Information supplied:
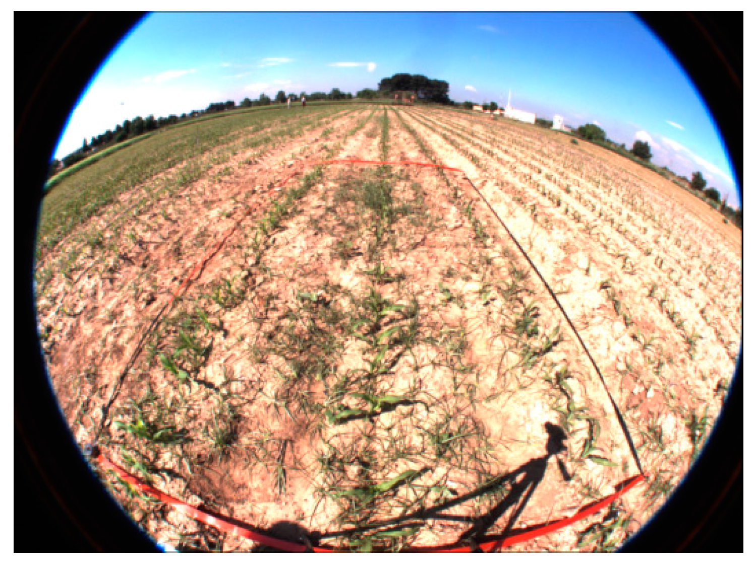 - Crop row detection: sometimes a fixed number of crop rows are to be detected for crops and weeds discrimination for site-specific treatments or precise guiding [5,7,10,11,12,13,14,15,16]. Depending on the number of crop rows to be detected or to follow during guidance, the vision system must be conveniently designed such that the required number of rows, considering the inter crop row spaces, can be imaged with sufficient image resolutions.
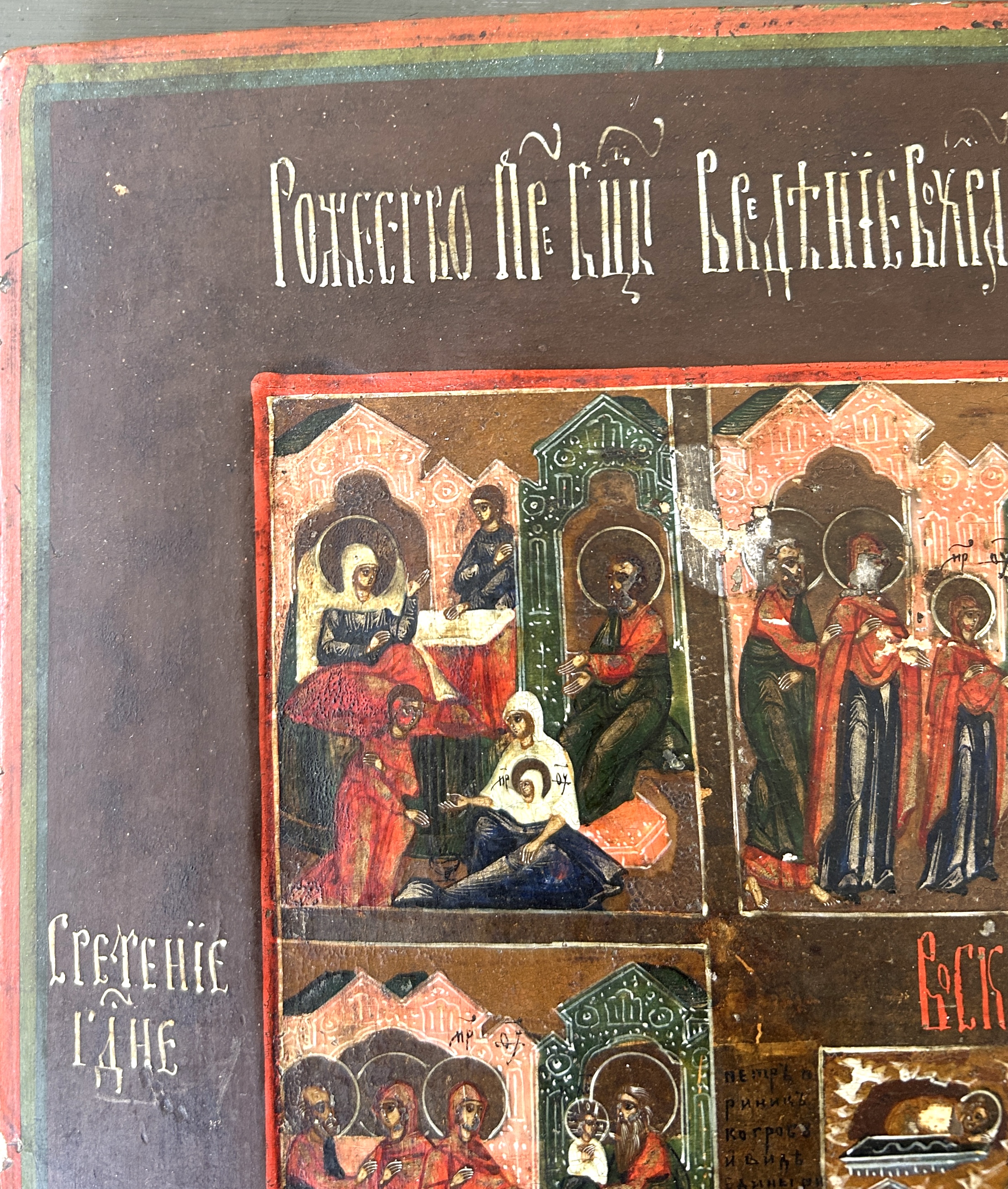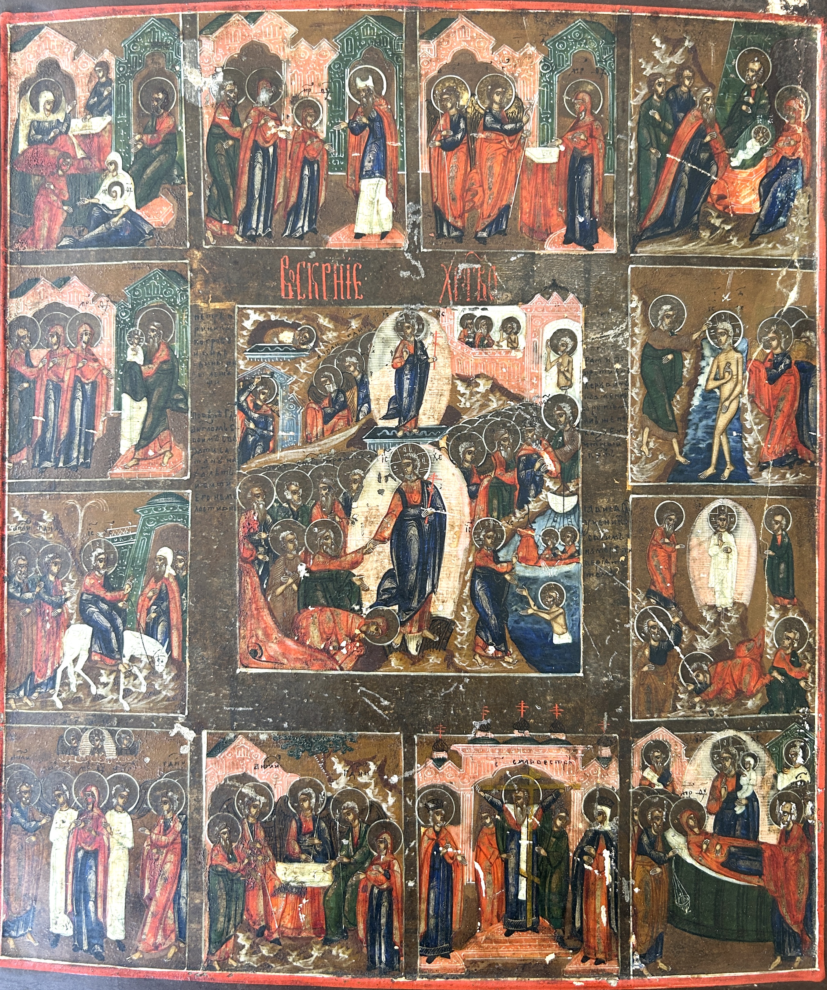 Obraz, resp. ikona s 12 velkými pravoslavnými svátky s ústředním výjevem Nanebevstoupení Krista, pořadí jednotlivých výjevů (Narození Přesvaté Bohorodice, Uvedení Přesvaté Bohorodice do chrámu, Zvětšování Přesvaté Bohorodice, Uvedení Páně do chrámu, Příchod Páně do Jeruzaléma, Nanebevstoupení Páně, Křest Páně, Proměnění Páně, Zesnutí přesvaté Bohorodice, Svatá Trojice, Povýšení svatého Kříže). Celkem 13 výjevů členěno do jednotlivých obdélných okének, vnější červené a zelné tlustší linie, po stranách opatřeny nápisy v azbuce, u významných postav i malý přípis s jejich jmény. Stylové pojetí zcela poplatné tradičnímu způsobu malovaných pravoslavných ikon, jež čerpá ze silné byzantské tradice. Strnulejší postavy s tmavším inkarnátem a lineárně stavěnou drapérií zasazeny do schématického architektonického rámce. Roucha postav zejména v modro-červeném zbarvení, odkazující pro křesťanství významně symbolickým a ceněným pigmentům. Kvalitní tradičně pojatá malba, deska patrně původně zasazena do oltáře sloužícího k domácí zbožnosti. Dle ústního posouzení experta na pravoslavné ikony datováno do 18. století s ruskou proveniencí.
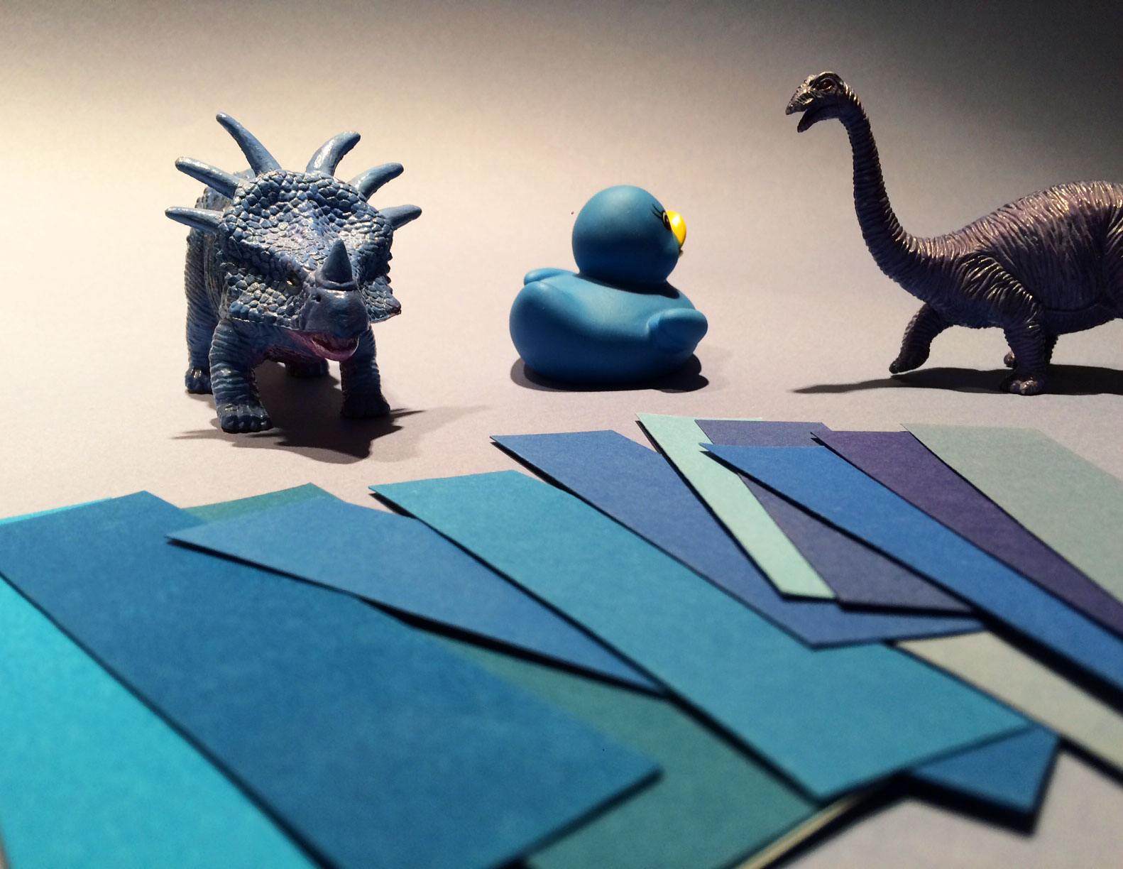 För att kunna undersöka blått i förhållande till andra kiulörer började jag med att försöka finna en förhållandevis neutral blå bland alla mina blå pappersprover.

Exercise directions: Go through the material above and repeat it exactly. Omit the pictures.

Response area:
 - Crop row detection: sometimes a fixed number of crop rows are to be detected for crops and weeds discrimination for site-specific treatments or precise guiding [5,7,10,11,12,13,14,15,16]. Depending on the number of crop rows to be detected or to follow during guidance, the vision system must be conveniently designed such that the required number of rows, considering the inter crop row spaces, can be imaged with sufficient image resolutions.
 Obraz, resp. ikona s 12 velkými pravoslavnými svátky s ústředním výjevem Nanebevstoupení Krista, pořadí jednotlivých výjevů (Narození Přesvaté Bohorodice, Uvedení Přesvaté Bohorodice do chrámu, Zvětšování Přesvaté Bohorodice, Uvedení Páně do chrámu, Příchod Páně do Jeruzaléma, Nanebevstoupení Páně, Křest Páně, Proměnění Páně, Zesnutí přesvaté Bohorodice, Svatá Trojice, Povýšení svatého Kříže). Celkem 13 výjevů členěno do jednotlivých obdélných okének, vnější červené a zelné tlustší linie, po stranách opatřeny nápisy v azbuce, u významných postav i malý přípis s jejich jmény. Stylové pojetí zcela poplatné tradičnímu způsobu malovaných pravoslavných ikon, jež čerpá ze silné byzantské tradice. Strnulejší postavy s tmavším inkarnátem a lineárně stavěnou drapérií zasazeny do schématického architektonického rámce. Roucha postav zejména v modro-červeném zbarvení, odkazující pro křesťanství významně symbolickým a ceněným pigmentům. Kvalitní tradičně pojatá malba, deska patrně původně zasazena do oltáře sloužícího k domácí zbožnosti. Dle ústního posouzení experta na pravoslavné ikony datováno do 18. století s ruskou proveniencí.
 För att kunna undersöka blått i förhållande till andra kiulörer började jag med att försöka finna en förhållandevis neutral blå bland alla mina blå pappersprover.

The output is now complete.